Since deploying Traceable AI, the Jobvite team now has intelligence from deep within the Suite and thousands of APIs to prioritize which vulnerabilities require attention. This helps the team work more efficiently to stay ahead of security threats and assure protection for private customer data.
Traceable AI provides us with an understanding of which problems we need to focus on, which is extremely valuable,” Ghose notes. “We don’t need to waste engineering time trying to figure out problems that don’t pose an actual threat.
Intelligently Preventing Successful Cyber Attacks
Traceable AI also provides Jobvite with fine-grained control over what actions are permissible inside the software. For example, if a JavaScript is serving files from a location that is not appropriate, Jobvite can just disallow that activity through Traceable AI. “If there’s a flaw in the permissions or how the application server is deployed, Traceable AI knows what’s allowed or not. The ability to have that automatically prevent inappropriate action is unique in the industry.”
Traceable AI is differentiated because it provides AI and machine learning that can identify potential attacks, enabling us to quantify and mitigate our risk immediately.

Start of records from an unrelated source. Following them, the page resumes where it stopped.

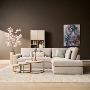 Ontdek de luxe en comfort van de MySofa Floris hoekbank, een stijlvolle bank van 2,5 zits met een divan. Kenmerkend zijn de strakke lijnen die de Floris een eigentijdse touch geven. Deze bank is bekleed met de hoogwaardige stof Baltimore Greige in een elegante beige tint.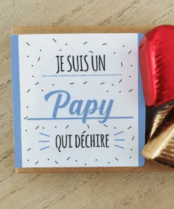 – Packaging : Boîte cartonnée avec fenêtre plastifiée et autocollant avec l’inscription “Je suis un papy qui déchire” aux couleurs bleu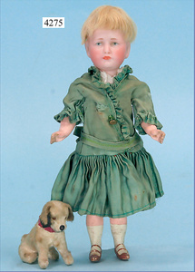 SIMON & HALBIG 1339, Biskuitporzellan-Charakterpuppe, Kindergesicht, gemarkt S & H L. L. & S., für Louis Lindner & Söhne, nachträglich fest eingesetzte blaue Glasaugen, off. Mund, oben Zähne, durchst. Ohren, Masse-Brustblatt, diese Variante ist uns unbekannt, Körper farblich überarbeite, alte Kleidung, alte Perücke, 52 cm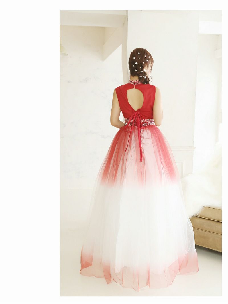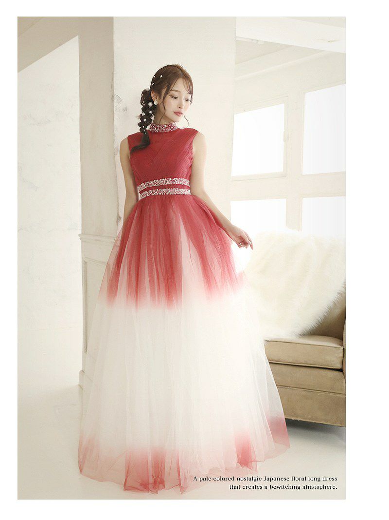 バースデーイベントや結婚式にも ハイネックレッドグラデーションロングドレス【Ryuyu】(S/M/L)(レッド)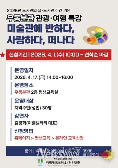 뉴스펀치 김윤걸 기자 | 부산광역시립해운대도서관은 도서관의 날・도서관주간을 맞아 4월 17일 해운대도서관 우동분관에서 지역주민 30명을 대상으로 관광·여행 특강 ‘미술관에 반하다, 사랑하다, 떠나다’를 운영한다.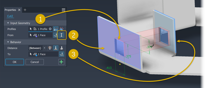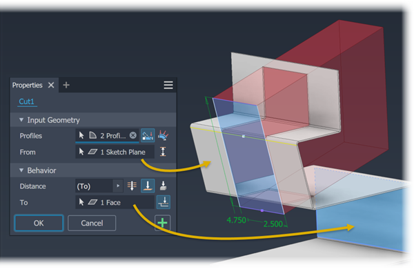 To: Extrudes the cut profile to the selected face or work plane. (You can terminate the cut on a face that extends beyond the termination plane.) In an assembly, the face or plane can be on another part. Specify whether the cut extends beyond the selected face.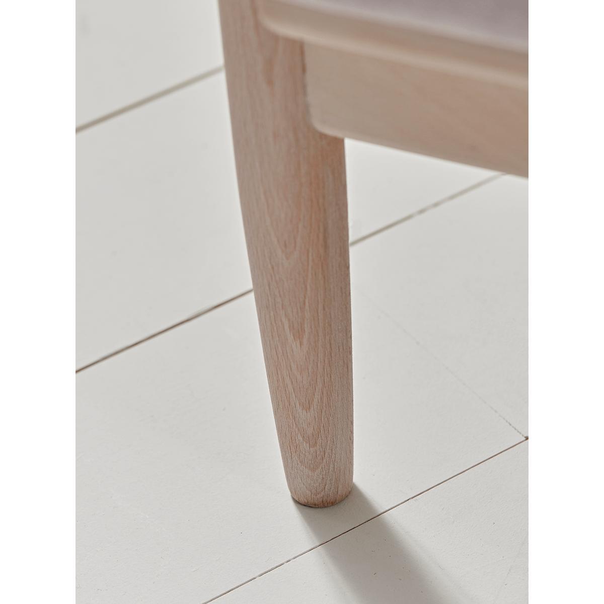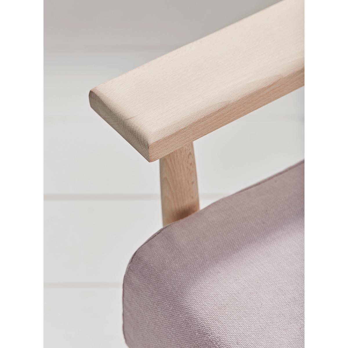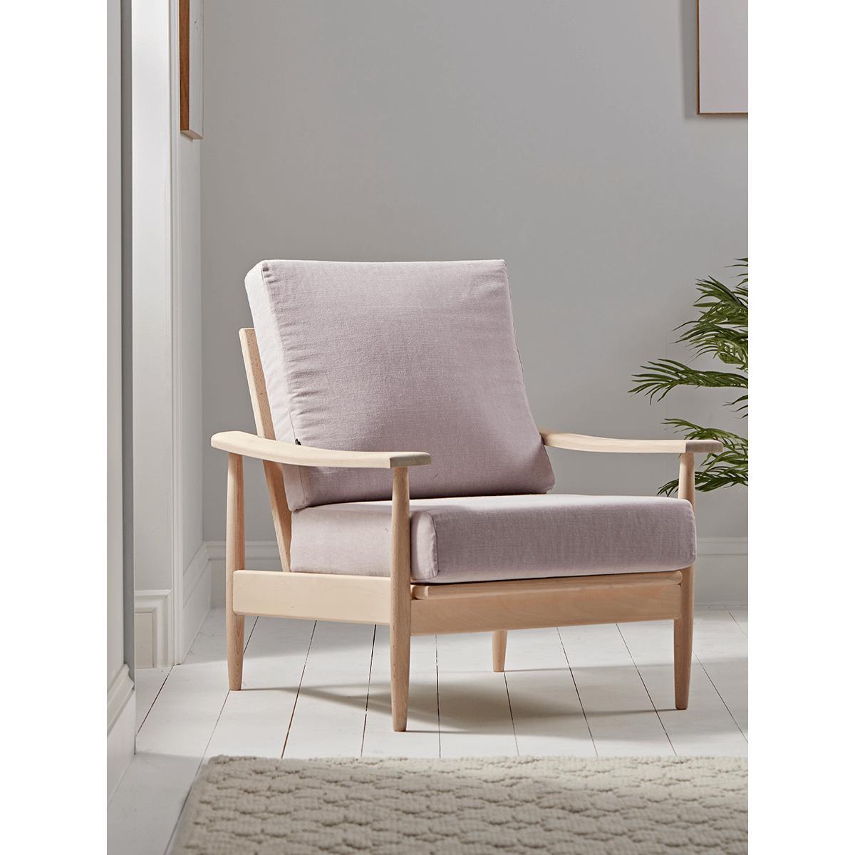 Our Spindleback Armchair will instantly update your space. Crafted from beech wood with an upholstered cushioned seat in a gentle toned blush, our armchair draws on mid-century principles with the considered construction of its frame. Vintage inspired design elements are here updated for the modern home - by a straight edge frame to the spindle back, a flat planed arm, and a pale toned natural wood finish. Also available in. Soft grey.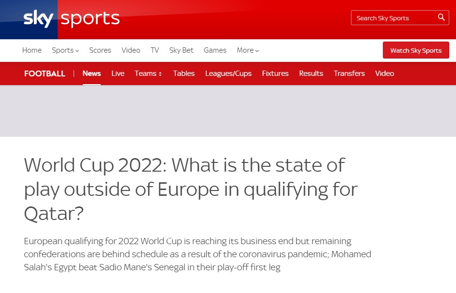 عنونت سكاي سبورتس في تقريرها عن المباراة بـ منتخب مصر بقيادة محمد صلاح هزم ماني ورفاقه، في مباراة الذهاب.. والجماهير تنتظر مواجهة قوية بين مصر والسنغال، خاصة بعد فوز أسود التيرانجا بأمم إفريقيا، على حساب فريق محمد صلاح.
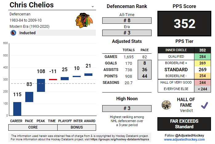 Verdict: In PPS, my Hockey Hall of Fame worthiness score, Chelios grades as the #8 defenseman in NHL history. Leetch is 10th, the pair topped only by Lidstrom and Al MacInnis in their era. That feels right, Chelios getting the slight edge on longevity and team success.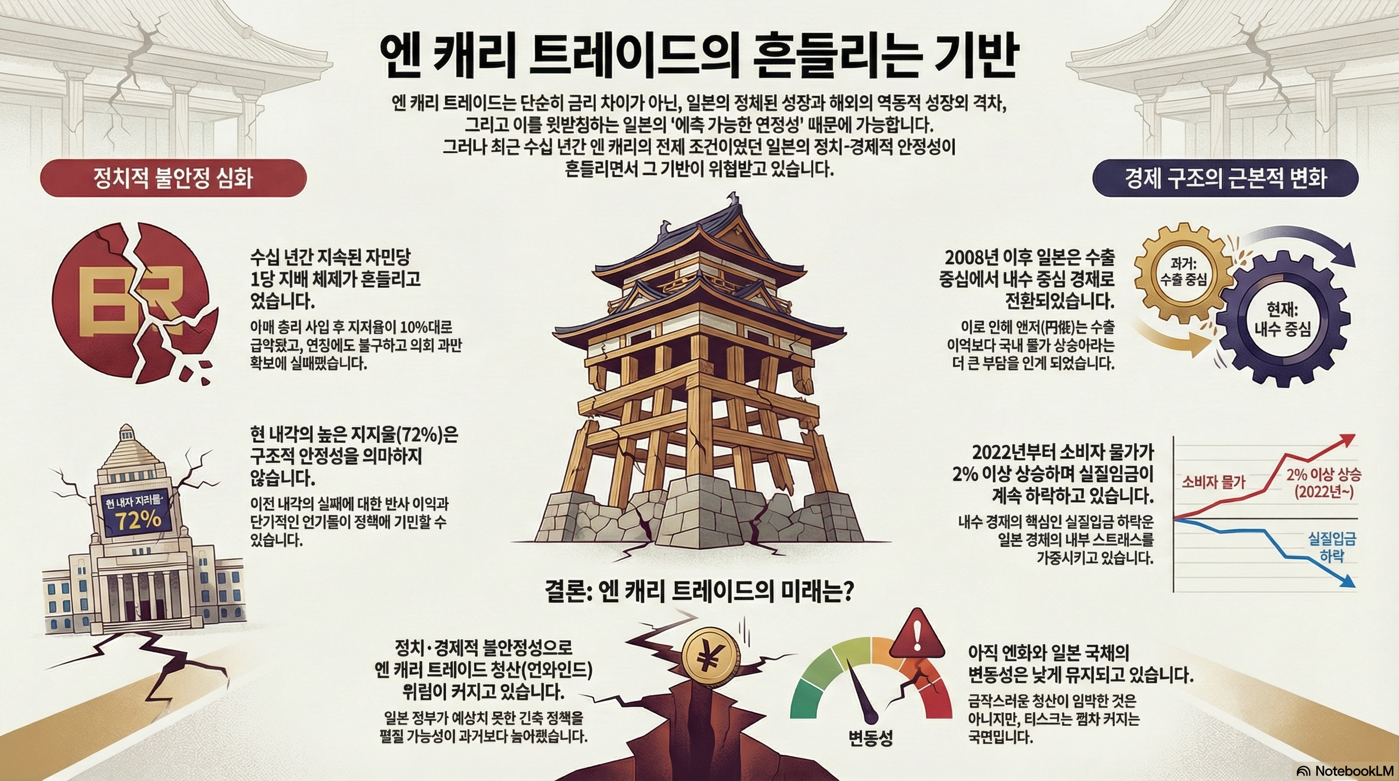 그래서, 엔 캐리가 가능하게 만드는 가장 기본적인 요건은 바로 안정적인 일본의 정치경제입니다. 그러면, 일본의 정치 경제 상황은 안정적인가... 이걸 생각해 봐야겠죠.

Saving Engineering Time, Strengthening Application Security
Traceable provides detailed information beyond application performance monitoring, allowing the team to focus investigations on abnormal activities and vulnerabilities at the front end. This saves time by avoiding false positives and potentially saving over 1,000 hours of engineering time in a year.
Shifting API security left to catch Security Flaws Early in the Development Cycle
Jobvite’s DevOps program and CI/CD methodology empower engineering teams to take ownership of their applications, but flaws can still slip through. Traceable in the CI/CD environment quickly identifies security flaws, saving engineers time and effort. It enhances CI/CD processes, reducing rework, time-to-market, and costs.
Traceable AI provides us with a capability that’s incredibly affordable. The information it brings to us with very little effort not only strengthens our application security, but it brings us a return on investment that’s several orders of magnitude greater than any of the other options we considered.